__TASK DETAILS__
Look through the records below, and whenever a line contains "Combretum", copy it.

__TASK INPUTS__
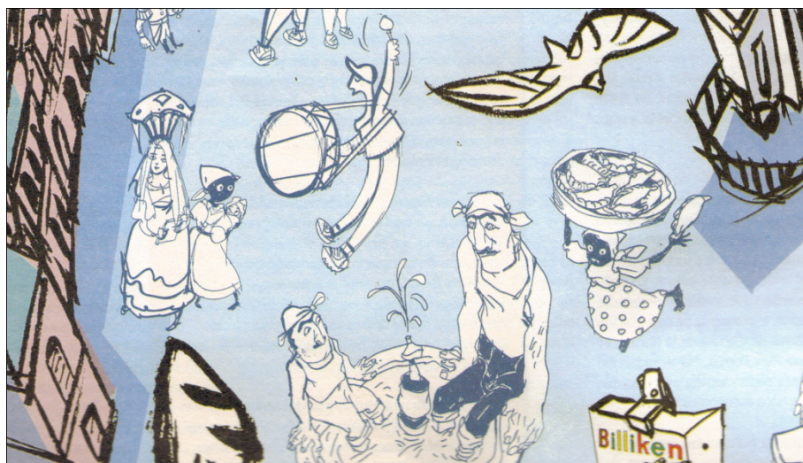
Figure 25. Section of the May 2010 Nuestra Cultura magazine cover. There were only two representations of blacks on the cover. Both of these representations fit stereotypes about blacks, specifically black women.
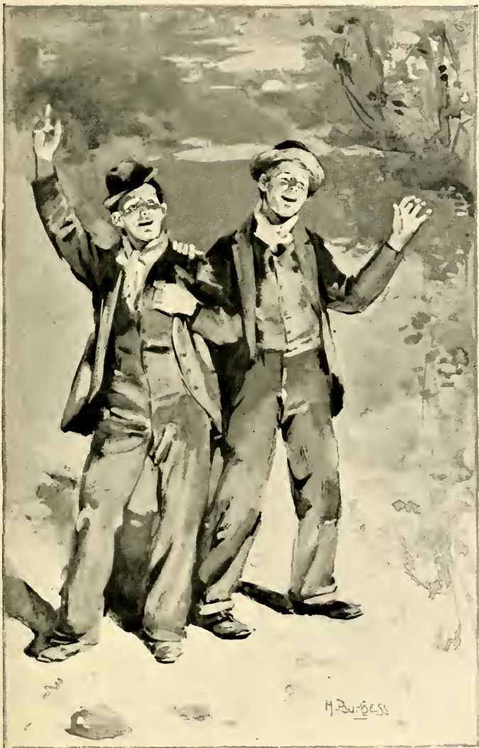
"THE TWO COUNTERFEIT REVELLERS." Page 48.
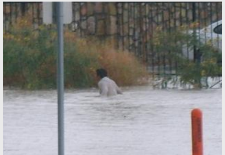
August 1 flooding at Donaphan and Frontera in west El Paso.
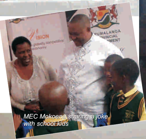
MEC Mokoena sharing a joke with school kids
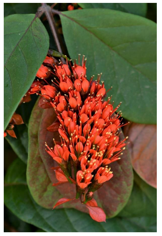
Combretum grandiflorum

A family of trees, shrubs and lianas with pantropical distribution, some members extending to warm temperate zones. Worldwide, the family consists of 11 genera and about 400 species, of which only Combretum , Getonia and Meiostemon contain lianas. In the Neotropics, the family is represented by 4 genera and about 85 species, of which only Combretum has 33 species of climbing plants. The genus is generally found at between 200-800 m elevation and occurs in wet or gallery forests.
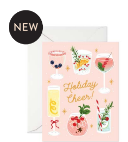
HOLIDAY CHEER HD018 | HD018-B

__ANSWER SECTION__
Combretum grandiflorum
A family of trees, shrubs and lianas with pantropical distribution, some members extending to warm temperate zones. Worldwide, the family consists of 11 genera and about 400 species, of which only Combretum , Getonia and Meiostemon contain lianas. In the Neotropics, the family is represented by 4 genera and about 85 species, of which only Combretum has 33 species of climbing plants. The genus is generally found at between 200-800 m elevation and occurs in wet or gallery forests.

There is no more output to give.